***** Task input *****

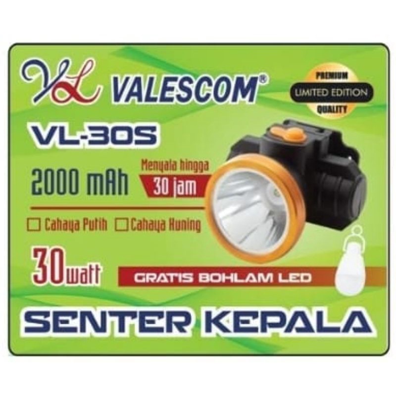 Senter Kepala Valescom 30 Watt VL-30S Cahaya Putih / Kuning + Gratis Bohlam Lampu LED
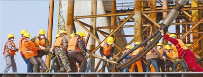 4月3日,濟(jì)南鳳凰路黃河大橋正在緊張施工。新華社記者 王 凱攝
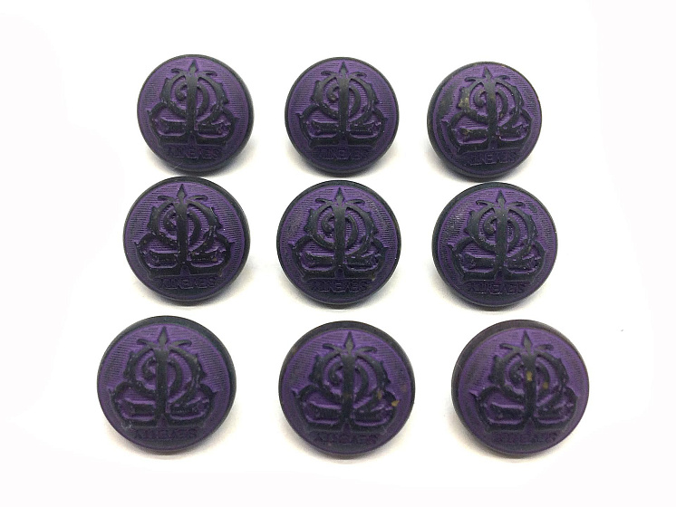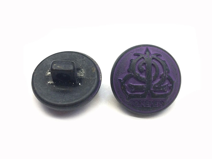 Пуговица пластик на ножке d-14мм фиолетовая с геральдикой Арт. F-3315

*****
***** Task input *****

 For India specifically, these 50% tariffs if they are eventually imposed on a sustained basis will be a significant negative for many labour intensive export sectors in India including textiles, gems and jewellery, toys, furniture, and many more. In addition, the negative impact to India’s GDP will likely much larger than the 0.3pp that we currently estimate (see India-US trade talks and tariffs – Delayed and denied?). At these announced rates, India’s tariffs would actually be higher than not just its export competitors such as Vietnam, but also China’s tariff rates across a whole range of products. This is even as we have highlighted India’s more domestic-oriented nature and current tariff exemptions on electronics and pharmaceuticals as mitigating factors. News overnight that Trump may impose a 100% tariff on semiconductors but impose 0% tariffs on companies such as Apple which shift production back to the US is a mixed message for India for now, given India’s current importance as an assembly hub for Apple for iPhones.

*****

Problem to solve —
Repeat, word for word, the lines of the material above from the one holding "4月3日,濟(jì)南鳳凰路黃河大橋正在緊張施工。新華社記者 王 凱攝" through the one holding "Пуговица пластик на". Leave out pictures.

Result —
 4月3日,濟(jì)南鳳凰路黃河大橋正在緊張施工。新華社記者 王 凱攝
 Пуговица пластик на ножке d-14мм фиолетовая с геральдикой Арт. F-3315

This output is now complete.